WHOAH, that ain't right.
Midway was asked by the NFL to tone back the violence in Blitz, so they decided to make all their games more realistic. How can EA get away with this?
Most players of basketball actually play in the street, but football? Who plays football in the street?
Now we have street football, but we can't get a decent Arena Football videogame. What is this world coming to?
What this game does is give people a way to really get to know the players. The NBA has always excelled at marketing their players because you see the guys and they're up close and personal on the television. The NFL doesn't have this benefit but this game will help to bridge that gap - especially if it is anywhere near as well done as NBA Street Volume 2.
Another poster mentioned the NFL Blitz series - good games - but they don't offer this marketing benefit to the NFL that this new game by EA will.
I hate liberals. If you are a liberal, do not reply.

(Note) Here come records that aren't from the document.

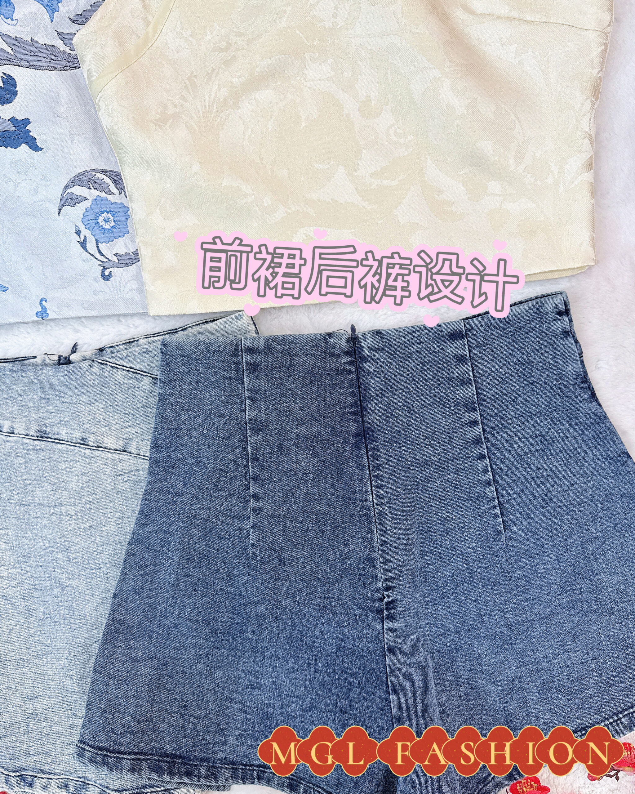(高质量✔️上衣没弹性提花面料✔️裙子微弹性牛仔面料✔️背面拉链设计✔️前裙后裤)
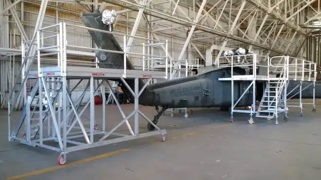 Custom designed for the US Army’s Black Hawk helicopters during a de-commissioning program. Also suits the Sea Hawk and other models based on the Black Hawk. A three-component work platform system for the nose, side and tail, that easily and quickly wheel up to the aircraft. SafeSmart Aviation here.
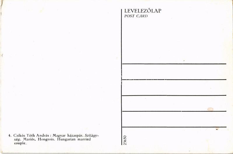 Leírás: Magyar házaspár, Szilágyság. Ifj. Pataki Mihály kiadása / Hungarian folklore from Salaj, Transylvania s: Csikós Tóth András (EK)
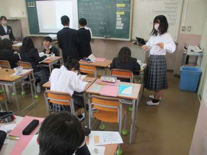 より高度な自己紹介をしようと言う授業です。もちろん、英語でです。
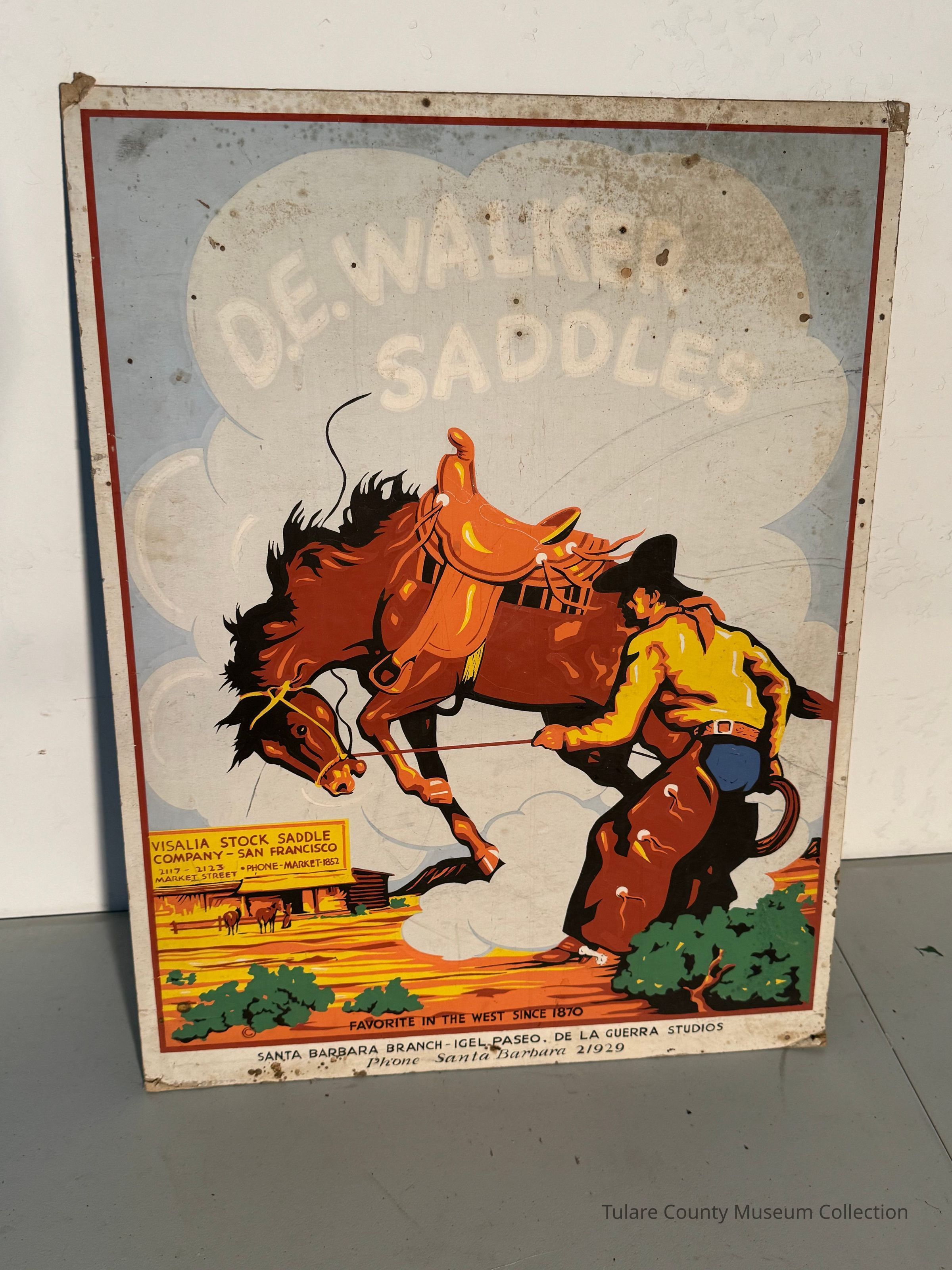 Poster titled "D.E. Walker Saddles" Santa Barbara branch. Accession changed from 1960.47.3.
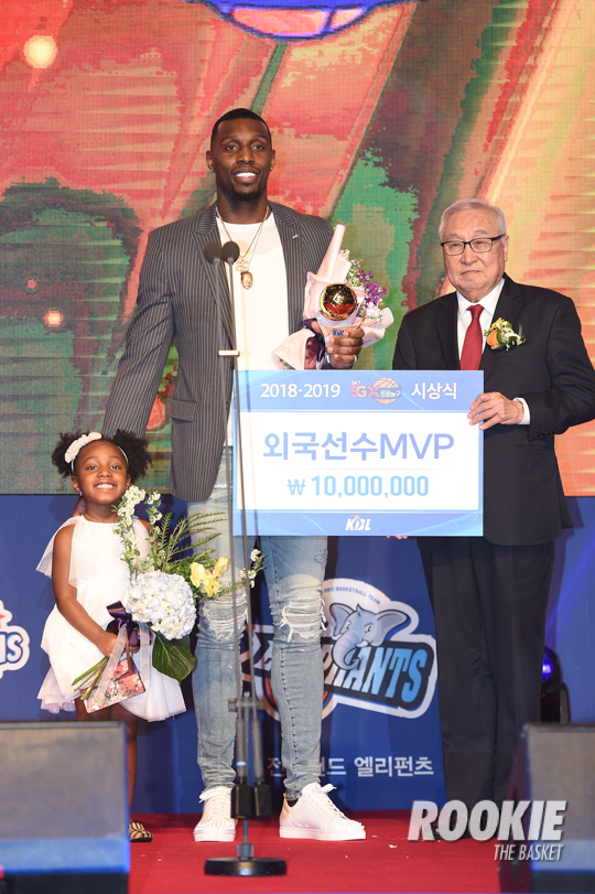 [루키=서울, 이현수 기자] 20일 서울 강남구에 위치한 그랜드 인터컨티넨탈 서울 파르나스 그랜드 볼륨에서 ’2018-19 SKT 5GX 프로농구 시상식’이 열렸다. 울산 모비스 라건아가 외국선수 MVP를 수상하였다.
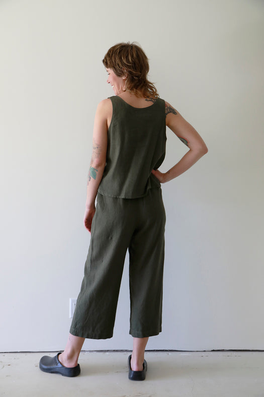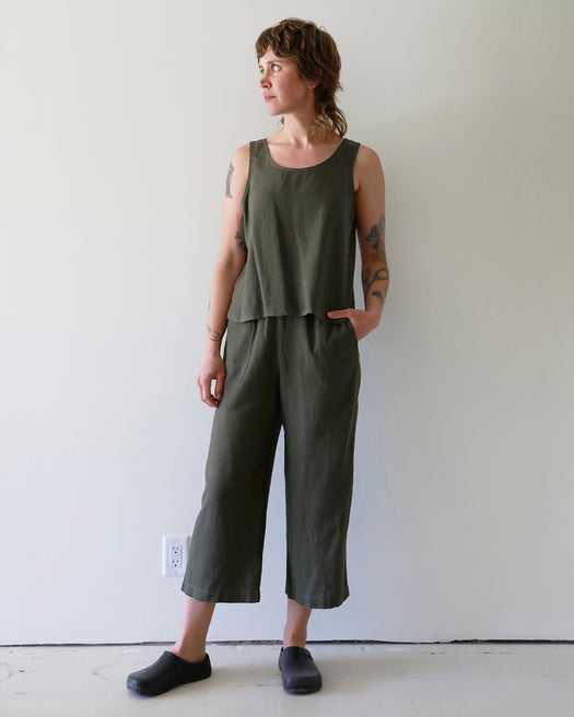 Lightweight linen blend pants with side pockets and an elastic waistband.
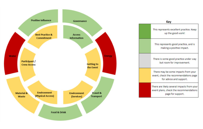 - Materials & Waste – to improve on our materials and waste we'd need a plan to reduce waste and increase recycling at our event and we'd need to understand if the venue separates food waste for composting.

By the way - the Street games aren't any more violent than a regular sports game. It's a question of style and tricks - and how smooooooth you can be in the game. ;)

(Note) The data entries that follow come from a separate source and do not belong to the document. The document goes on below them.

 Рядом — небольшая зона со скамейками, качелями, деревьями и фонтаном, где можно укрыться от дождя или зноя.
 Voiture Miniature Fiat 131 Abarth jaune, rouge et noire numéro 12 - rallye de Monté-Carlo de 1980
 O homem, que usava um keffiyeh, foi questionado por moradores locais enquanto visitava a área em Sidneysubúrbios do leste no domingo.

Now, if you'll excuse me, I need to practice my "Refridgerator" Shuffle.
8 Man football in Rural US.
That's right, soon you will have the exciting opportunity to represent a high school of 30 people who have the nerds on the same team as the jocks (playing far far left wide reciever, and ineffective right tackle).
All the excitement without the hassle of driving 4 hours to the next small-town to play football against.
This game will include such 8-Man football highlight towns as Hartington, NE, Dix, NE, Ffriend, NE, Meade, KS, and Glendo, WY.
Imagine the heart pounding action of this extreme sport as you hope your only decent player (QB, Safety and Field Goal Kicker) makes it through the season without injury.
It's in your face BOREDOM to the EXTREME!!!
(The extra ! is for !!!)!
I just want to be that dude that goes around office buildings tackling people (and I'm not talking about the BSA!) I think it might be Terry Owens.
;-)
You could even have some plot stuff built into it. Like you've gotta tackle some exec before he sells the company, etc. Tackle the UPS guy before he can leave the lobby with the receptionists pen. There could be time trials, most injuries incured in 1 minute. Better yet, they could take some pads and make a DDR type game only instead of dancing around like a boy band member on crack, you'd be have this foam covered rubber pole that you'd jump against to simulate knocking co-workers on their asses. They coulc call it "Tackle revolution" or "Insta-lawsuit"
Yes Francis, the world has gone crazy.